To give an example scenario.
I have a UserInformation in a table with below columns.
UserId,
UserName,
UserAddress,
UpdatedDate.
I need to get the latest Updated record for each User.(only one record per user)
I am using Hive Query to get the data like below.
SELECT u.UserId, u.UserName, u.UserAddress FROM ( SELECT ROW_NUMBER() OVER (PARTITION BY UserId ORDER BY UpdatedDate DESC) AS RowRank, UserId, UserName, UserAddress, UpdatedDate, FROM UserInformation ) u WHERE u.RowRank = 1;
Is it possible to do the same in Alteryx with In-DB modules?
Solved! Go to Solution.
I am not quite sure how efficient it will be but you could:
I don't have access to a Hive server but connected to a SQL SERVER you can create the RowNumber using a formula in-db and then user a filter in-db to select just the latest record:
Both Answers work on Hive, the second one is faster.

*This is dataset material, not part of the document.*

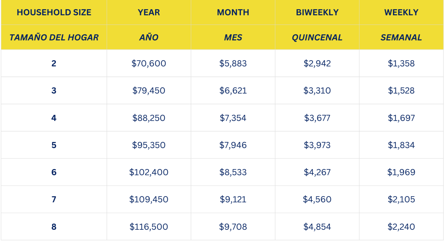 Los límites de ingresos según el tamaño del hogar que se indican a continuación se utilizarán para determinar la elegibilidad para las becas completas de campamento de verano. Estos límites de ingresos se basan en las pautas de 2025 establecidas por el Departamento de Vivienda y Desarrollo Comunitario del Condado de Santa Bárbara. Las familias con ingresos iguales o menores a estos límites califican para la beca, pero tenga en cuenta que no cubre la tarifa de inscripción.
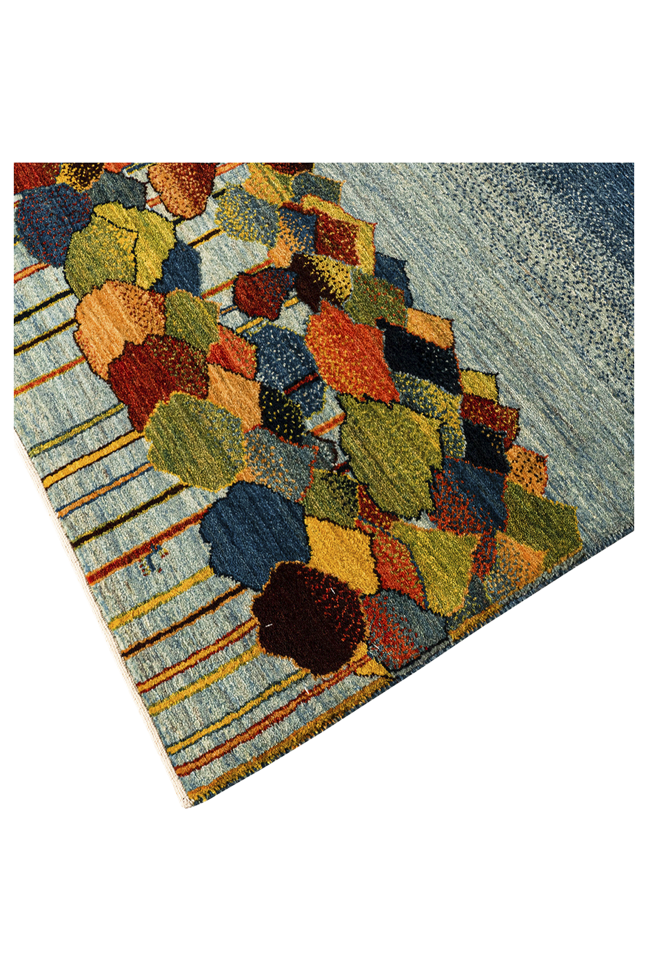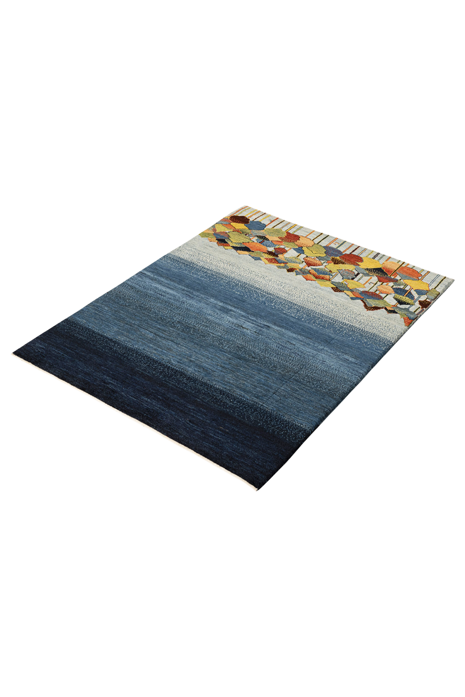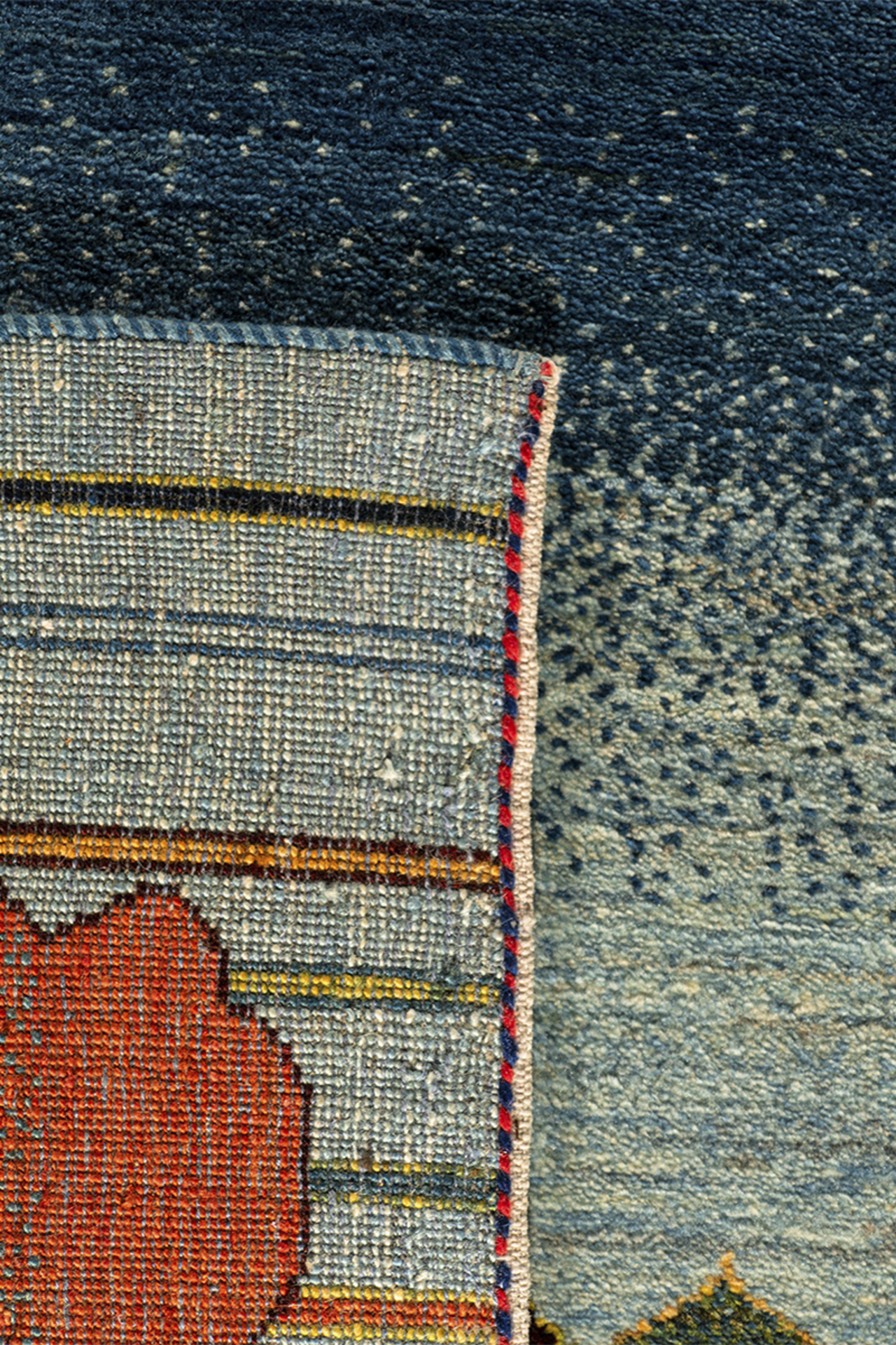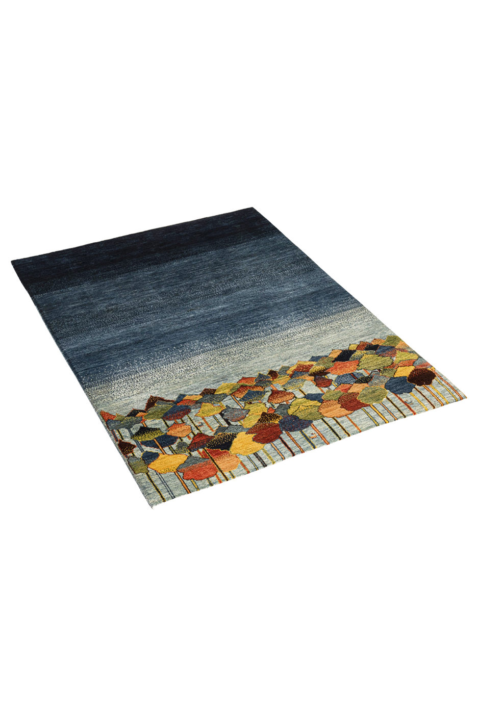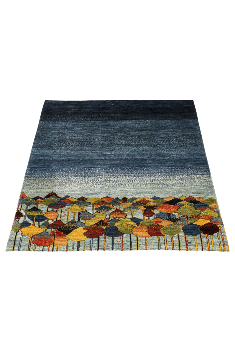 Dieser exquisite Teppich besticht durch einen tiefen royalblauen Hintergrund, der die leuchtenden Farben von bunten Bäumen am unteren Rand elegant kontrastiert. Die kunstvoll gestalteten Bäume in warmen, lebhaften Farbtönen wie Rot, Orange und Gelb symbolisieren das Leben und die Schönheit der Natur. Der Teppich ist ein wahres Meisterwerk der Nomadenkunst, das die floralen Elemente der persischen Tradition mit modernen Akzenten kombiniert. Handgeknüpft aus hochwertiger Schurwolle, überzeugt dieser Teppich nicht nur durch seine visuelle Ausstrahlung, sondern auch durch außergewöhnliche Weichheit und Langlebigkeit. Die Verwendung natürlicher Pflanzenfarben unterstreicht die Authentizität dieses Kunstwerks und macht ihn zu einem einzigartigen Accessoire für Ihr Zuhause.

This first answer works but doesn't look to be very efficient, The answer by "jdunkerley79" looks better to me.
Thanks for the contributing.
I have one additional question on the same dataset. I am trying to capture change of Name or Address. I use HQL to do this and looking to see if this can be done in-DB using Alteryx.
Select UserId from ( Select UserId, UserName, (LEAD(UserName, 1) OVER (PARTITION BY UserId ORDER BY UpdatedDate DESC)) AS prev_UserName, UserAddress, (LEAD(UserAddress, 1) OVER (PARTITION BY UserId ORDER BY UpdatedDate DESC)) AS prev_UserAddress From UserInformation ) u Where u.UserName <> u.prev_UserName or u.UserAddress <> u.prev_UserAddress
A formula-InDB can solve the LAG and LEAD window function as well.
LEAD(UserAddress, 1) OVER (PARTITION BY UserAddress ORDER BY UpdatedDate DESC).
Thanks
@JoeS thank you, this suggestion helped me in my use case and was pretty effective considering i have a large data set to work with.